(Directions for this task) In the material below, the lines between the one holding "Parkinson SuperWalk in Castlegar" and the one holding "The Games of", inclusive, are to be set down word for word. Pictures stay out.

(Exercise input)
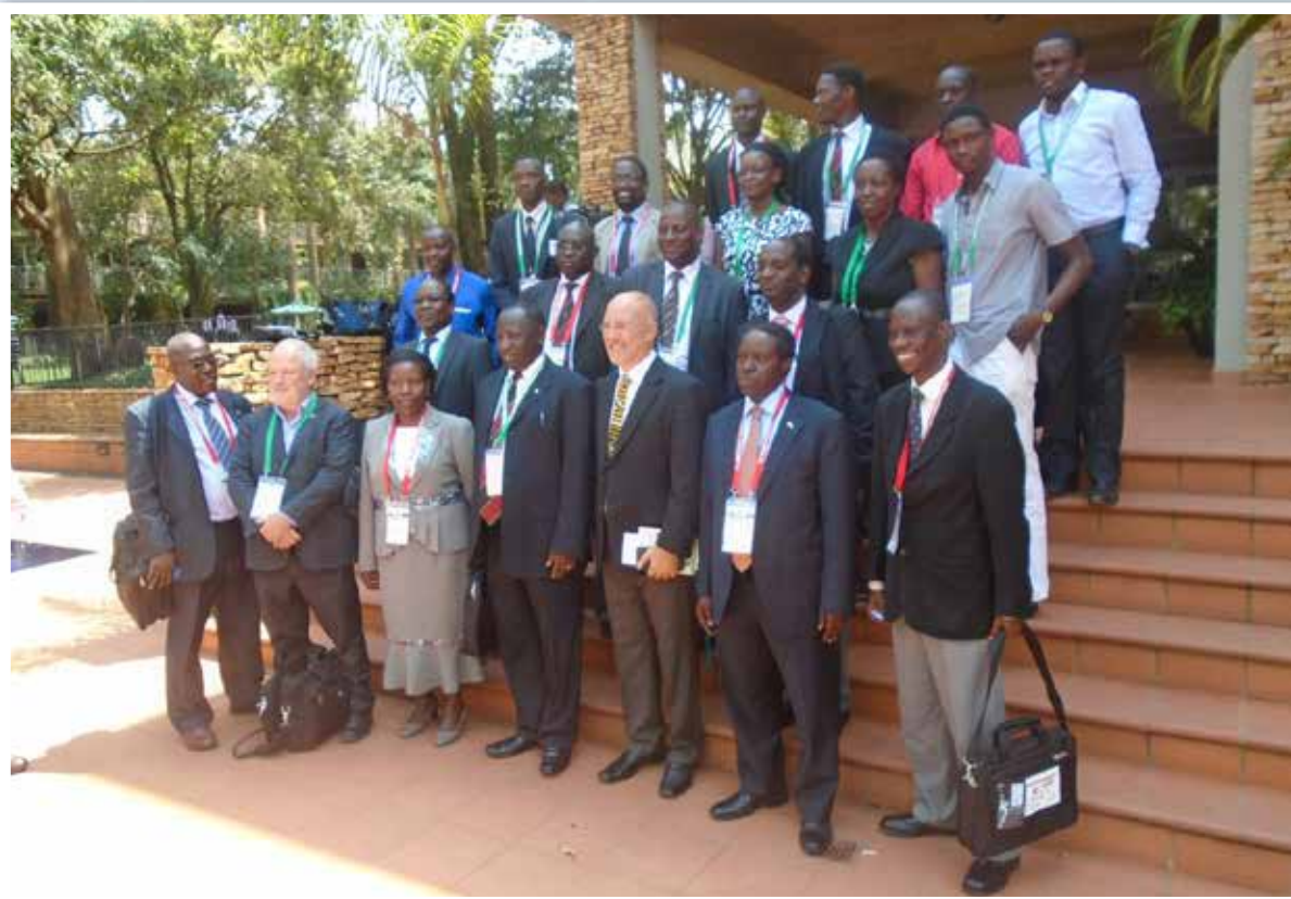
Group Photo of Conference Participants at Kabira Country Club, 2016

* * *

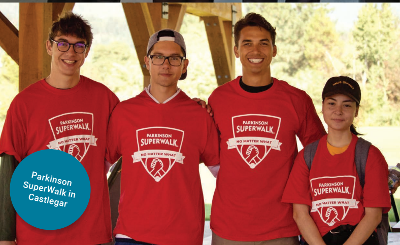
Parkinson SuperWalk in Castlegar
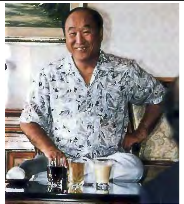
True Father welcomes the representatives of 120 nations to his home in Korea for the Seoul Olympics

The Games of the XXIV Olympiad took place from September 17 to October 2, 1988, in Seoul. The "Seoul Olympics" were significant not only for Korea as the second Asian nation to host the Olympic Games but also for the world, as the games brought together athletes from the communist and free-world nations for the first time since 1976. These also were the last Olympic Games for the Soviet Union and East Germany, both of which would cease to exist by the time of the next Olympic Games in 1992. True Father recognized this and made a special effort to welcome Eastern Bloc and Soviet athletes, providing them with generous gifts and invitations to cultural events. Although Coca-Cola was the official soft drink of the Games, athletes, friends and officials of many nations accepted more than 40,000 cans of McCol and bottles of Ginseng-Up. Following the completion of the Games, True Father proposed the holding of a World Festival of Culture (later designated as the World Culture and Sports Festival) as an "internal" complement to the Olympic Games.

...

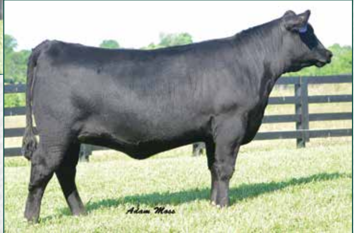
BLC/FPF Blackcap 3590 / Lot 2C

(Your solution)
Parkinson SuperWalk in Castlegar
True Father welcomes the representatives of 120 nations to his home in Korea for the Seoul Olympics

The Games of the XXIV Olympiad took place from September 17 to October 2, 1988, in Seoul. The "Seoul Olympics" were significant not only for Korea as the second Asian nation to host the Olympic Games but also for the world, as the games brought together athletes from the communist and free-world nations for the first time since 1976. These also were the last Olympic Games for the Soviet Union and East Germany, both of which would cease to exist by the time of the next Olympic Games in 1992. True Father recognized this and made a special effort to welcome Eastern Bloc and Soviet athletes, providing them with generous gifts and invitations to cultural events. Although Coca-Cola was the official soft drink of the Games, athletes, friends and officials of many nations accepted more than 40,000 cans of McCol and bottles of Ginseng-Up. Following the completion of the Games, True Father proposed the holding of a World Festival of Culture (later designated as the World Culture and Sports Festival) as an "internal" complement to the Olympic Games.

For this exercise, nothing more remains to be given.